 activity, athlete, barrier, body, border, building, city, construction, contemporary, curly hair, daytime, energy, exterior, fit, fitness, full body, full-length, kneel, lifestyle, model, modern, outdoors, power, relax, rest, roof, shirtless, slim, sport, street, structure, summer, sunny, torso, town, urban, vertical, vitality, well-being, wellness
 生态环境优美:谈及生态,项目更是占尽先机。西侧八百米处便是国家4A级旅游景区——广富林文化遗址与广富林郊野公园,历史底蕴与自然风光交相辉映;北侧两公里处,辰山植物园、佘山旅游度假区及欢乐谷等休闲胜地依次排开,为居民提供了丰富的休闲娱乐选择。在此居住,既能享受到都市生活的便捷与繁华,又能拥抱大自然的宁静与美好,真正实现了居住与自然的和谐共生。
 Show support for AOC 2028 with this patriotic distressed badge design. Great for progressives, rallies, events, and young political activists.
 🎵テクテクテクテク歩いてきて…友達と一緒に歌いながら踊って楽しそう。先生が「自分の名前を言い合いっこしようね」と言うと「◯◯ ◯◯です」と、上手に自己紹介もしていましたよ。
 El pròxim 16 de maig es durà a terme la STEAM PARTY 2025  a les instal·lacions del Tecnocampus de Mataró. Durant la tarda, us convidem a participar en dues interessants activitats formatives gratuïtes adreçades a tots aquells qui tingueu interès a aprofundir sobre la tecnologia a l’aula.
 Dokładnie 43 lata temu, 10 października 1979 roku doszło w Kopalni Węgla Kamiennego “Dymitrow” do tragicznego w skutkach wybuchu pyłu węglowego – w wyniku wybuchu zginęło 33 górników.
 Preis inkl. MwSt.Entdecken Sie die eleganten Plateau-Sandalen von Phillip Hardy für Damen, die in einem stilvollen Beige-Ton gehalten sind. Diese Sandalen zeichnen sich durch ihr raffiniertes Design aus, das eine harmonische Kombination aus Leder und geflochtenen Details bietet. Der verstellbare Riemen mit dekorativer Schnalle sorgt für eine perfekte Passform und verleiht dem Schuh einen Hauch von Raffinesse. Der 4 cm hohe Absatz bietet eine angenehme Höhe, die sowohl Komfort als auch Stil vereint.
▬▬▬▬▬▬▬▬▬▬
▸ What to produce
The task here is to output the line with "El pròxim 16 de maig es" and all lines after it to the end of the records above, exactly and only those.

▸ Your response
 El pròxim 16 de maig es durà a terme la STEAM PARTY 2025  a les instal·lacions del Tecnocampus de Mataró. Durant la tarda, us convidem a participar en dues interessants activitats formatives gratuïtes adreçades a tots aquells qui tingueu interès a aprofundir sobre la tecnologia a l’aula.
 Dokładnie 43 lata temu, 10 października 1979 roku doszło w Kopalni Węgla Kamiennego “Dymitrow” do tragicznego w skutkach wybuchu pyłu węglowego – w wyniku wybuchu zginęło 33 górników.
 Preis inkl. MwSt.Entdecken Sie die eleganten Plateau-Sandalen von Phillip Hardy für Damen, die in einem stilvollen Beige-Ton gehalten sind. Diese Sandalen zeichnen sich durch ihr raffiniertes Design aus, das eine harmonische Kombination aus Leder und geflochtenen Details bietet. Der verstellbare Riemen mit dekorativer Schnalle sorgt für eine perfekte Passform und verleiht dem Schuh einen Hauch von Raffinesse. Der 4 cm hohe Absatz bietet eine angenehme Höhe, die sowohl Komfort als auch Stil vereint.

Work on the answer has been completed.